### EXERCISE DESCRIPTION
Give again, exactly as written, the lines of the records below from the line with "-Soft foam construction" to the line with "В случая на". Both end lines count; pictures do not.

### RECORDS SHOWN
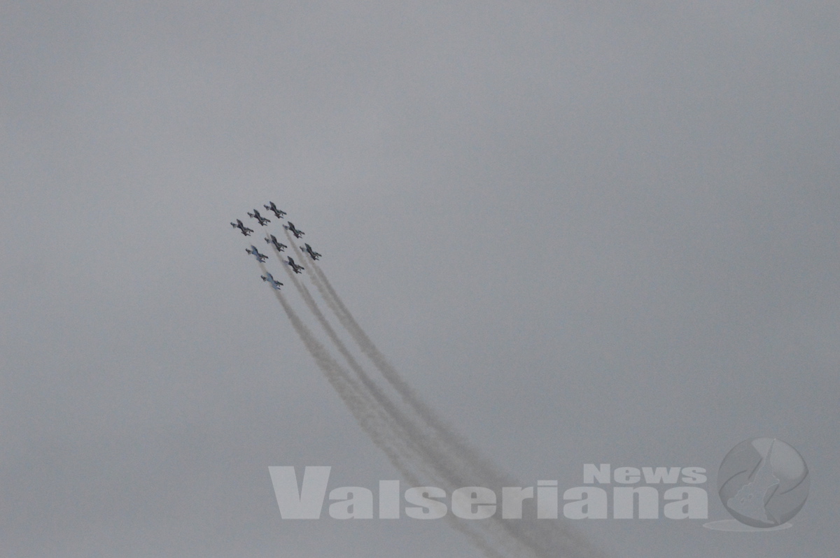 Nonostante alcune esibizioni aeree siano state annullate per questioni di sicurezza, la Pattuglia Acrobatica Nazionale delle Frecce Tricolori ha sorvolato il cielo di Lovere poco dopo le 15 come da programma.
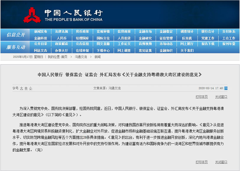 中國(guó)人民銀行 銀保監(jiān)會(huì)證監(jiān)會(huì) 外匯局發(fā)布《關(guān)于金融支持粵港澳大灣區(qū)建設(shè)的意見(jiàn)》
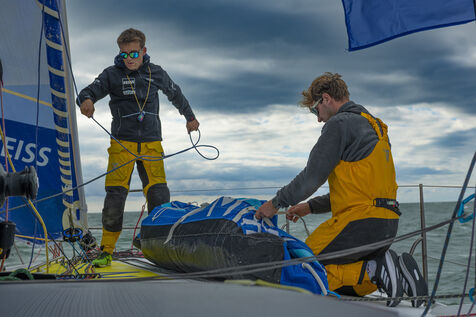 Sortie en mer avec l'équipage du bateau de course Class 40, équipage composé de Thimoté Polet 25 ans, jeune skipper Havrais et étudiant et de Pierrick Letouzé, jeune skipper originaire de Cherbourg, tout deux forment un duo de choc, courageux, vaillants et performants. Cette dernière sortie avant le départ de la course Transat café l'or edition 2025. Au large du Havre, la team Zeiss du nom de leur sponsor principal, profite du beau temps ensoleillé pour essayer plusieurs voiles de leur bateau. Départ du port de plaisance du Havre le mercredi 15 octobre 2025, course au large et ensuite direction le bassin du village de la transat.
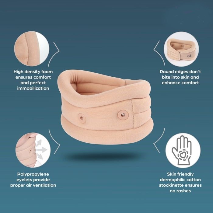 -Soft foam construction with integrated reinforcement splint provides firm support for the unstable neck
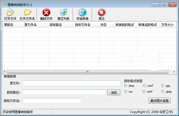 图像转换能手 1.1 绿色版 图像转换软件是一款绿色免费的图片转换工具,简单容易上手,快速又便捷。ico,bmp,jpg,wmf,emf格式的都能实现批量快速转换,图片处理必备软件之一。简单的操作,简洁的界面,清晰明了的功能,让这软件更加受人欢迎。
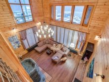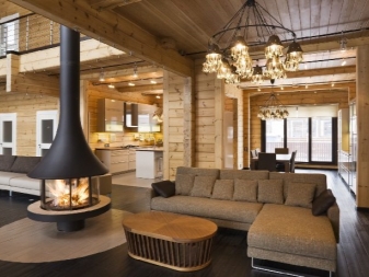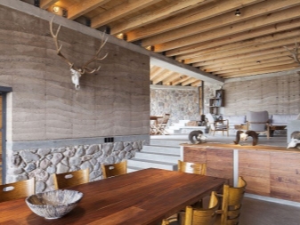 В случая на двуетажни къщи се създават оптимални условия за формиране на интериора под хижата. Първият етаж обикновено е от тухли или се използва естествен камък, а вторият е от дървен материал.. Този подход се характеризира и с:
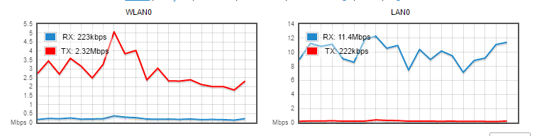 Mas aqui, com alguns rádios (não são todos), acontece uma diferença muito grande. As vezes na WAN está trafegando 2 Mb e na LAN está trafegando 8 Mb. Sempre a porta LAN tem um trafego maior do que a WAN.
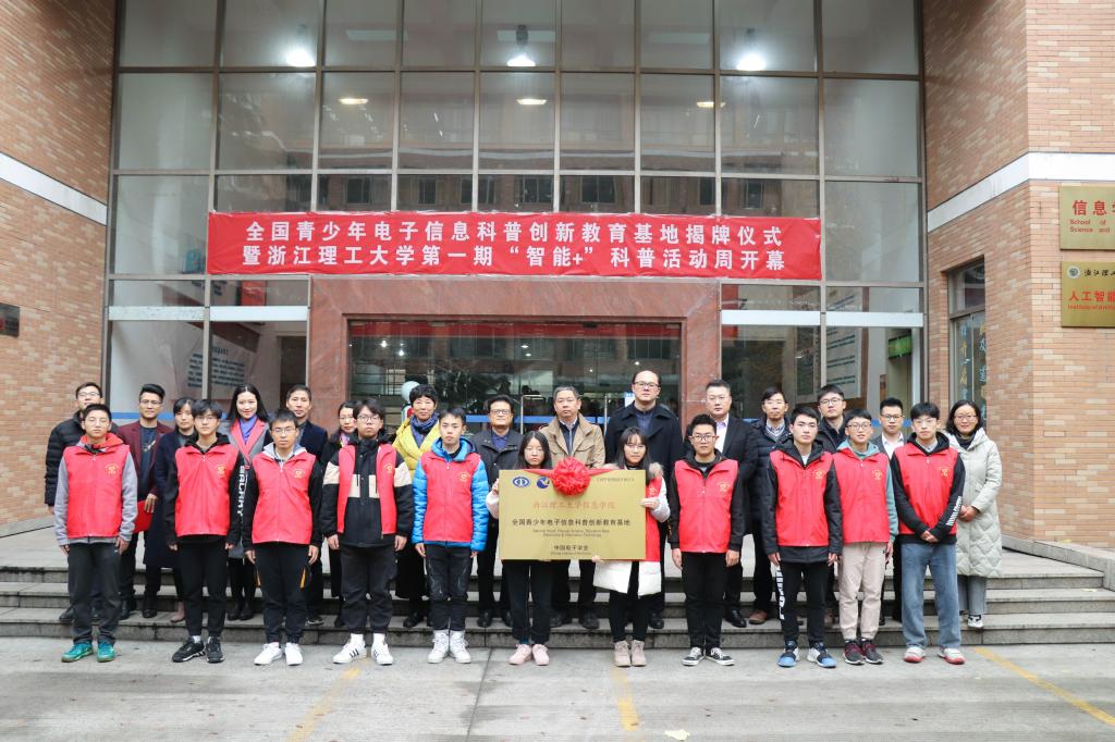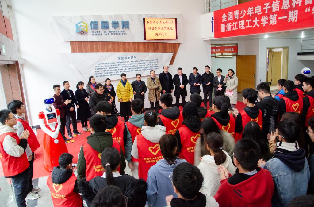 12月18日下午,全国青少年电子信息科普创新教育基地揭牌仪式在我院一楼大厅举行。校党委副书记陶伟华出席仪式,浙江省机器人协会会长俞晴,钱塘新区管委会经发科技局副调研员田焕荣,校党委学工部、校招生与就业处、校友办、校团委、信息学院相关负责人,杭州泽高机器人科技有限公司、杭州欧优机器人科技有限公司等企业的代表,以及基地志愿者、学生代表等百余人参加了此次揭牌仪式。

---

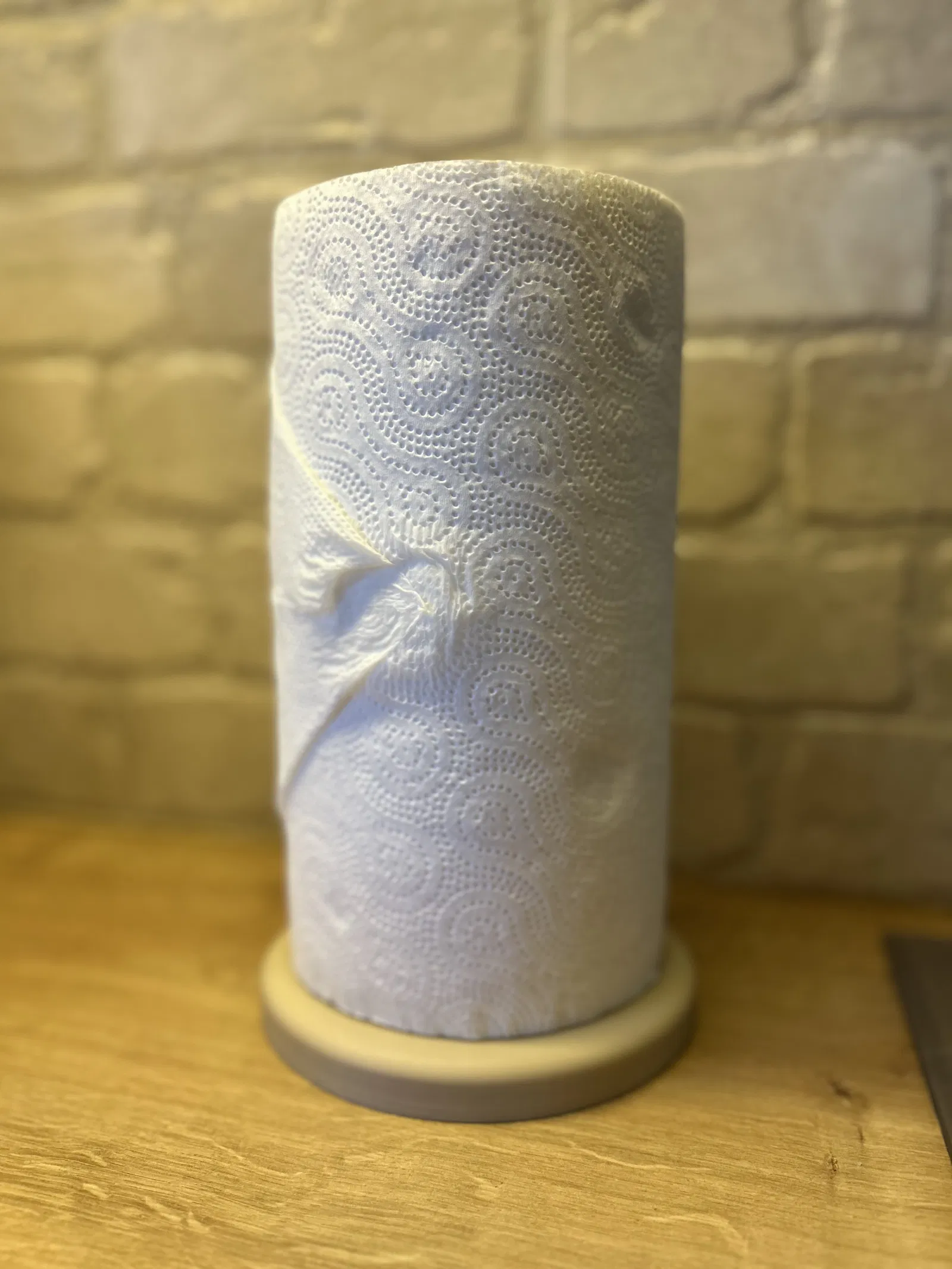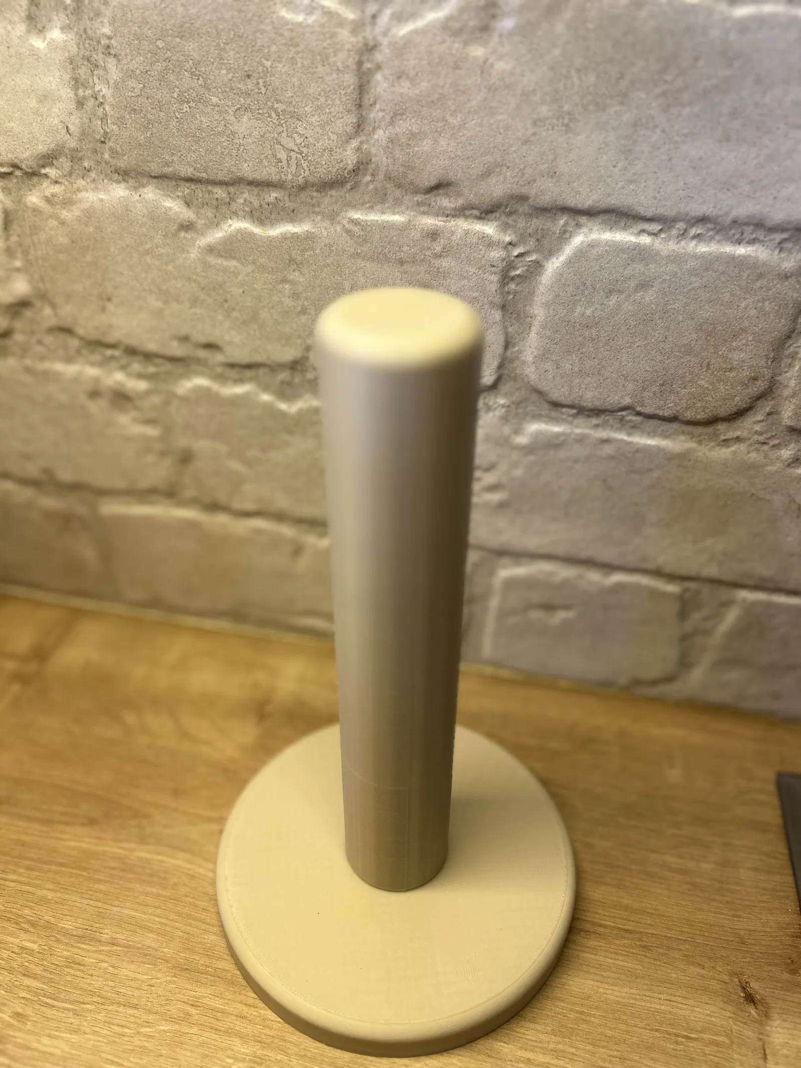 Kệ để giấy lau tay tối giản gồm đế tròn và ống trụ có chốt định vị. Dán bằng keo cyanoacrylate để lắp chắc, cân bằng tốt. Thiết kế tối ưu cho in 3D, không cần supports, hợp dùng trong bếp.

==

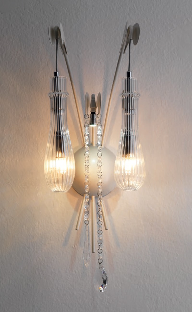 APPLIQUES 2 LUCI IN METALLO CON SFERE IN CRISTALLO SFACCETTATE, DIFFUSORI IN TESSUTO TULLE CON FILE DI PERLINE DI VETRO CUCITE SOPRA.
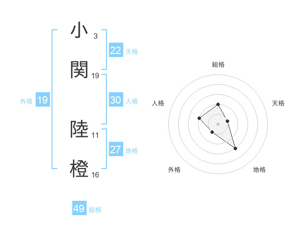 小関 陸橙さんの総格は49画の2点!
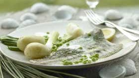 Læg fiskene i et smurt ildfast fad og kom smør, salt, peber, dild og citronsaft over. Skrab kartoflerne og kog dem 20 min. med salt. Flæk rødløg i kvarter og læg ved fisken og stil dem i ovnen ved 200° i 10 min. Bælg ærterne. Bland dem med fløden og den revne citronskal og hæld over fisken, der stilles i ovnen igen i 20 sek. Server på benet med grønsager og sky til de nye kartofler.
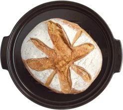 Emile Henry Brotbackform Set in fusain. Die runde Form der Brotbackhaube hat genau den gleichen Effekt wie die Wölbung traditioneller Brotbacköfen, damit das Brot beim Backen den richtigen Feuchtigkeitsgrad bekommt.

### ANSWER BOX
 -Soft foam construction with integrated reinforcement splint provides firm support for the unstable neck
 图像转换能手 1.1 绿色版 图像转换软件是一款绿色免费的图片转换工具,简单容易上手,快速又便捷。ico,bmp,jpg,wmf,emf格式的都能实现批量快速转换,图片处理必备软件之一。简单的操作,简洁的界面,清晰明了的功能,让这软件更加受人欢迎。
 В случая на двуетажни къщи се създават оптимални условия за формиране на интериора под хижата. Първият етаж обикновено е от тухли или се използва естествен камък, а вторият е от дървен материал.. Този подход се характеризира и с:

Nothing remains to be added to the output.